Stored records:

★ ★ ★

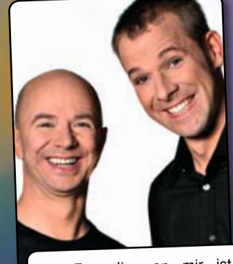
„Ne Freundin von mir ist Gestalttherapeutin. Da kannst Du mit Pferden schwimmen, die denken, sie seien ein Delphin.“ Helge und das Udo Mi 28 Okt + Do 29 Okt 20:30 Klüngelpütz
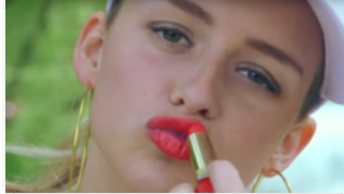
Ronnie Flex vindt alle parodieën Drank & Drugs tof
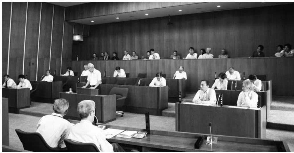
23名の住民が傍聴した今年で8回目の日曜議会(6月14日)
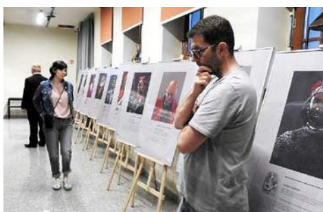
Noc Muzeów znów zaskoczyła! str. 19-21
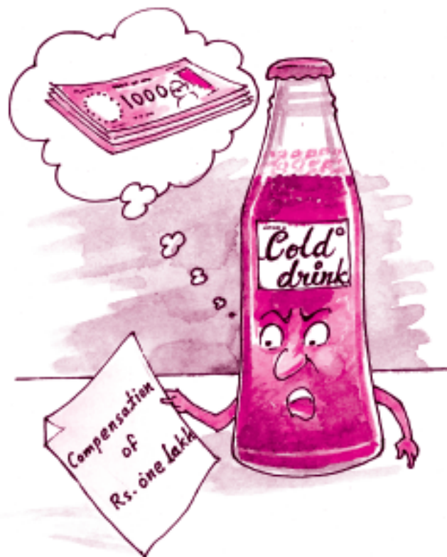
शीतल पेय में अशुद्धता के लिए हर्जाना
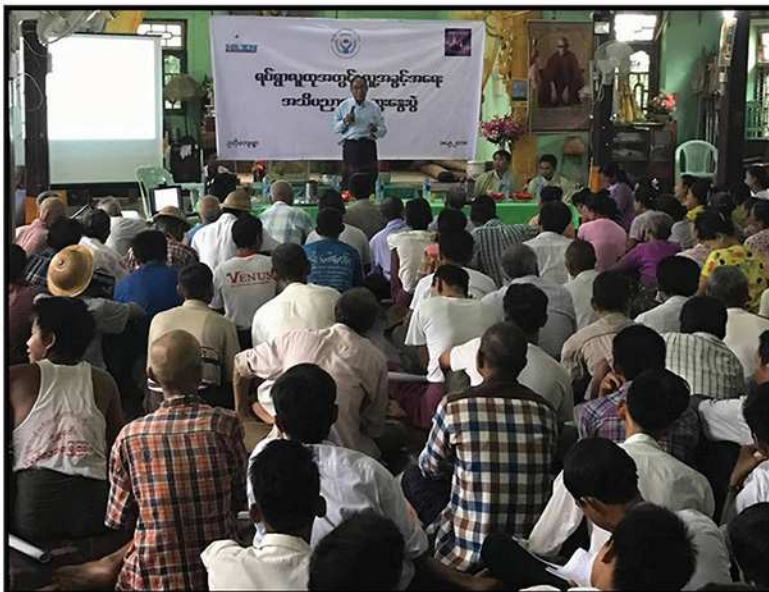
ကော်မရှင်ဒုတိယဥက္ကဋ္ဌ ဦးစစ်မြိုင် ရပ်ရွာလူထုအတွင်း လူ့အခွင့်အရေးအသိပညာပေး ဆွေးနွေးပွဲကျင်းပခြင်း (၂၀၁၈)
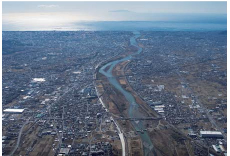
↑平塚のまちの大部分は、相模川と海が作った平野の上にあります。このような地形の成り立ちは、地盤とも深く関係します。

本展示では平塚周辺の地盤について、その特性や地形との関わり、成り立ちの歴史などを紹介します。また、周辺の活断層や、予想される地震とその被害についても最新の情報をお伝えします。
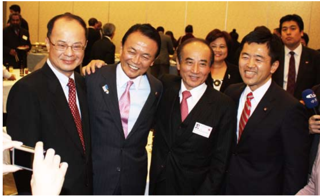
3月25日(前日)の歓迎会で、沈斯淳代表(左)、麻生太郎副総理(左二人目)

アジア・太平洋国会議員連合(APPU)年次総会に出席した超党派の台湾代表団(団長:王金平立法院長)は3月26日、日華議員懇談会(日華懇)が開催した歓迎会に台北駐日経済文化代表処の沈斯淳代表らとともに出席した。

★ ★ ★

What to do
Pictures don't belong in the copy. Restate all the entries exactly.

Problem solution
„Ne Freundin von mir ist Gestalttherapeutin. Da kannst Du mit Pferden schwimmen, die denken, sie seien ein Delphin.“ Helge und das Udo Mi 28 Okt + Do 29 Okt 20:30 Klüngelpütz
Ronnie Flex vindt alle parodieën Drank & Drugs tof
23名の住民が傍聴した今年で8回目の日曜議会(6月14日)
Noc Muzeów znów zaskoczyła! str. 19-21
शीतल पेय में अशुद्धता के लिए हर्जाना
ကော်မရှင်ဒုတိယဥက္ကဋ္ဌ ဦးစစ်မြိုင် ရပ်ရွာလူထုအတွင်း လူ့အခွင့်အရေးအသိပညာပေး ဆွေးနွေးပွဲကျင်းပခြင်း (၂၀၁၈)
↑平塚のまちの大部分は、相模川と海が作った平野の上にあります。このような地形の成り立ちは、地盤とも深く関係します。

本展示では平塚周辺の地盤について、その特性や地形との関わり、成り立ちの歴史などを紹介します。また、周辺の活断層や、予想される地震とその被害についても最新の情報をお伝えします。
3月25日(前日)の歓迎会で、沈斯淳代表(左)、麻生太郎副総理(左二人目)

アジア・太平洋国会議員連合(APPU)年次総会に出席した超党派の台湾代表団(団長:王金平立法院長)は3月26日、日華議員懇談会(日華懇)が開催した歓迎会に台北駐日経済文化代表処の沈斯淳代表らとともに出席した。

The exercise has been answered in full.